#ESMAGANDO PALAVRAS# - GRAÇA FONTIS: ESCULTURA/Manoel Ferreira Neto: Aforismo
Corta-lhe o riso por inteiro. O coração acalentado por uma alegria boa.
Uma promessa de felicidade, criatividade em chamas.
Agora o palco vazio para caber a forma baia e ondulante que progride,
esmagando palavras. Só além das linhas se poderá ter alguma ideia, isto se
considerar uma entrega sem limites à busca de entendimento e compreensão,
conhecimento e saber, o que é absurdo de todo por ninguém estar disposto a in-vestigar
a linguagem e o estilo, avaliar a consciência e o conhecimento de alguém, dizer
o que dentro habita a sua alma, o que necessita tanto de saber para dar início
a alguma sabedoria, esta que mostra, apesar das nuances do tempo e das
situações a que ele está sujeito a todo momento, se assim pode dizer, isto sem
atrapalhar a ideia de que não lhe é dado saber o que realmente está com vontade
de dizer, tornar público, e que, daí por diante, ninguém mais se veja olhando,
observando as suas atitudes, ações, o que nelas discorda das palavras ditas,
escritas, pensadas e imaginadas, seguindo as invenções e criatividades que o
dom lhe dera a possibilidade de buscar realização ou um fracasso em limites e
fronteiras: brinca com as palavras, é precisamente isto que mais realiza quando
se entrega a esculpir de modo inteiramente inusitado, não havendo qualquer
respecto às leis da escrita, aos limites da criação, e daí nada mais pode dizer
que justifique, que lhe indique, embora só ele mesmo sabendo, nada dizendo,
nada registrando, buscando palavras que desmanchem o que de algum modo pode ser
intuído e percebido, cabendo à inteligência estabelecer a sabedoria existente
nestas palavras entre os afagos de querubins.
Havia esculpido a imagem de Nietzsche, uma espécie de homenagem ao
filósofo.
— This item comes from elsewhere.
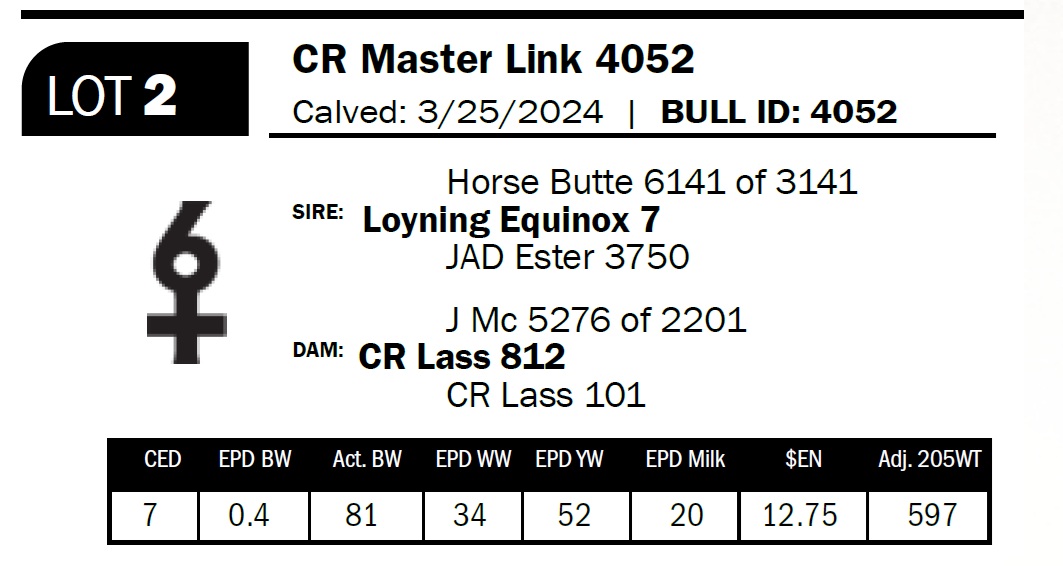 | CR Master Link 4052 | 2 | Two-Year Old Bull | Powerfully made Equinox son–long, deep-bodied, and out of a solid, reliable cow. |

Numa exposição de suas esculturas no Palácio das Artes, Belo
Horizonte, Minas Gerais, alguém lhe perguntara: "O que Nietzsche está
pensando?" Respondeu: "Pergunte a ele. Não se ressinta por ele não
ter voz e palavras para satisfazer a sua curiosidade." Lembrou-se de sua
saudosa amiga pintora Martha Moura dizer-lhe o que mais odiava era alguém
perguntar o que ela queria dizer com a pintura exposta, sempre respondendo ela
nada diz, quem diz é a pessoa; e também de um escritor: alguém lhe perguntara o
porquê de escrever na ortografia antiga, respondendo ele à pessoa: "Porque
sou mais velho que a cidade de Braga." Engraçado isto: os artistas sempre
tem respostas hilárias para as perguntas e considerações, despautérios do
público.
Um lugar de agradáveis discussões, a discussão do talento e do dom num
mundo em que se dá primazia ao simples, ao supérfluo, ao que responde pelos
interesses da ideologia e do modismo.